3.3 DStream API Implementation
This section provides step-by-step implementation code for real-time daily cumulative order-by-order capital flow using DStream API. Complete code is available in the appendix. Users should first review section 2.2's foundational case to understand primary DStream API interfaces and code structure. This section emphasizes business logic implementation.
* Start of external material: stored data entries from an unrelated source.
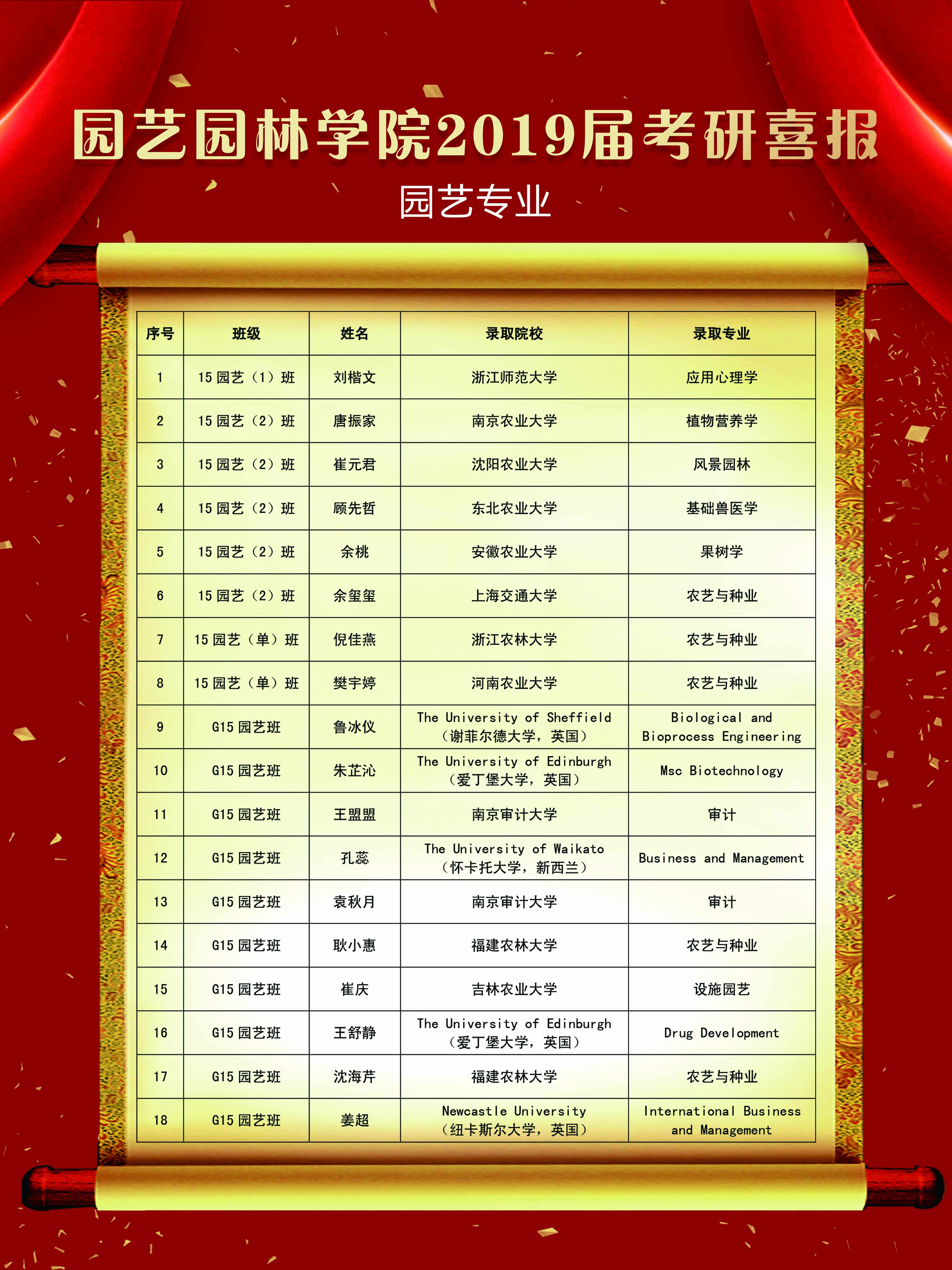2019届考研结果尘埃落定,我院考研学子喜讯频传,考研录取人数再创新高,共有60名学生考取硕士研究生。5月22日下午,园艺园林学院在图教楼B205隆重举办2019届考研表彰大会。院党委书记陈玉林,院党委副书记、院长宰学明,教师代表王长义,学工办甘黎明、徐敏、王淼老师,2019届考研录取学生,以及2016级、2017级、2018级学生代表近200人参加本次大会,会议由卞长林老师主持。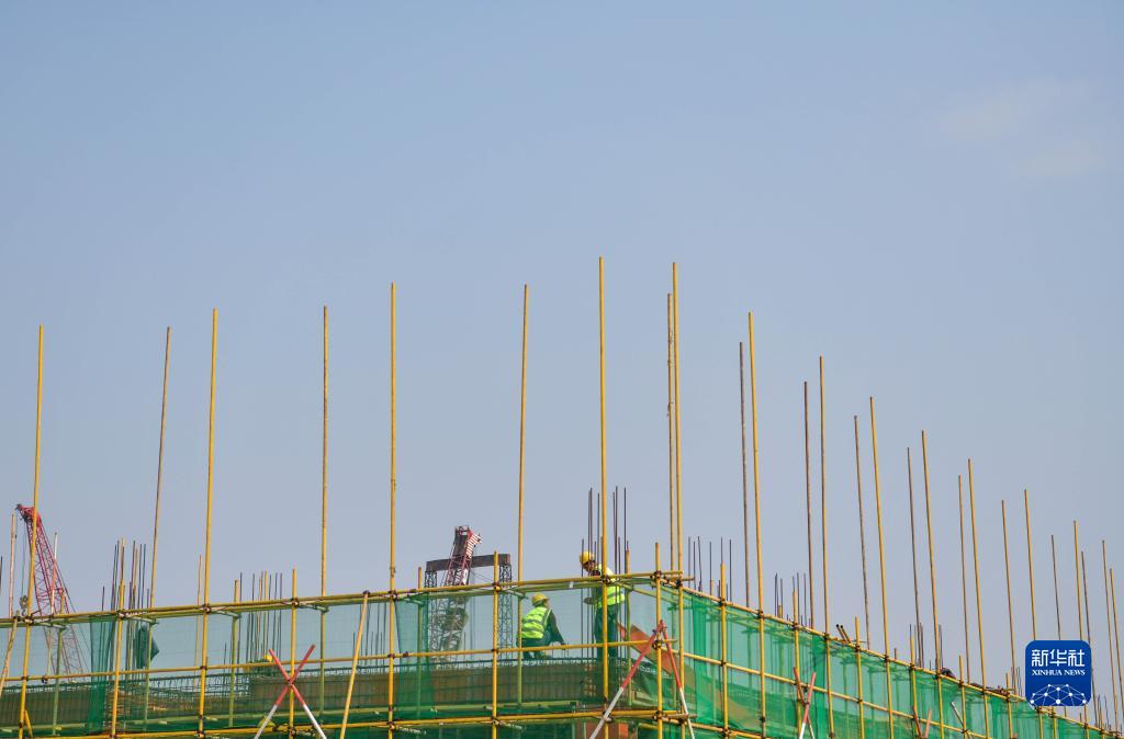 2月1日,工人在貴安新區航空航天產(chǎn)業(yè)孵化基地項目現場(chǎng)施工。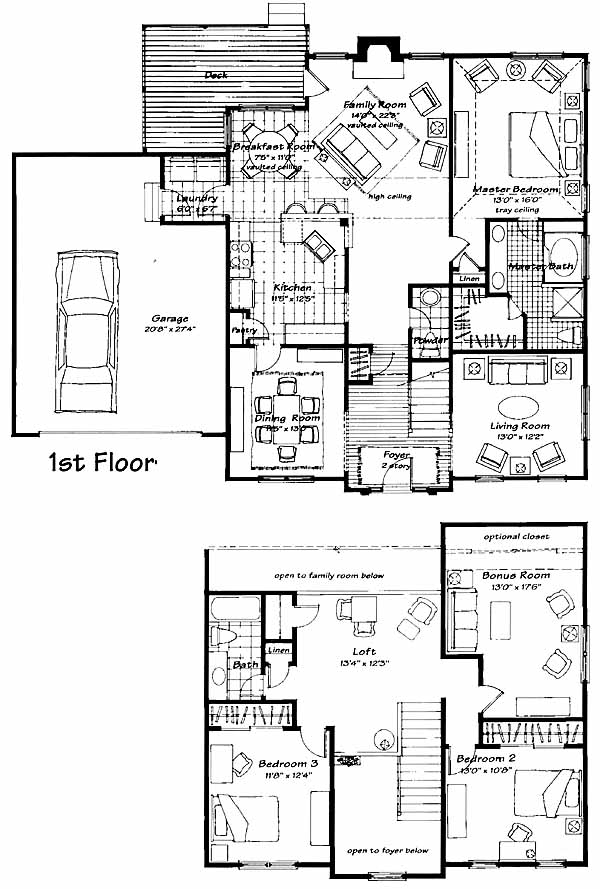 This home has a vaulted ceiling in the great room that opens to the loft above. The living room is perfect for quiet moments and the dining room is designed for both formal and informal dining. The first floor master suite has a tray ceiling and a luxury bath with a double vanity, garden tub and a walk-in closet. Two bedrooms, a loft, and a bonus room are on the second floor. The loft is a wonderful size for a study area, sitting room or a game area.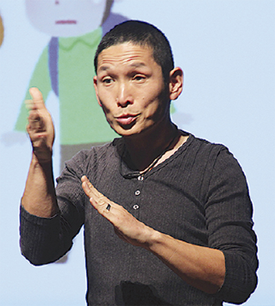 映像作家で聴覚障害者の早瀬憲太郎さんが講演。手話を使い、それを読み取った人がマイクで伝える形で進んだ。

(1) Create a Stream Graph in a catalog
use catalog tutorial
g = createStreamGraph("capitalFlow")
(2) Specify or Create the Data Source
sourceStream = g.source(
"tradeOriginal",
100000:0,
`ChannelNo`ApplSeqNum`MDStreamID`BidApplSeqNum`OfferApplSeqNum`SecurityID`SecurityIDSource`TradePrice`TradeQty`ExecType`TradeDate`TradeTime`LocalTime`SeqNo`DataStatus`TradeMoney`TradeBSFlag`BizIndex`OrderKind`Market,
[INT, LONG, SYMBOL, LONG, LONG, SYMBOL, SYMBOL, DOUBLE, LONG, SYMBOL, DATE, TIME, TIME, LONG, INT, DOUBLE, SYMBOL, LONG, SYMBOL, SYMBOL]
)
- Utilize the
StreamGraph::source
method for data source definition. This example creates a new persistent shared stream table as the data source. - Subsequently, data from the DFS table
loadTable("dfs://trade", "trade")
will be replayed to the stream table tradeOriginal, requiring one-to-one correspondence between field semantics and types across both tables, while field name identity is not mandatory.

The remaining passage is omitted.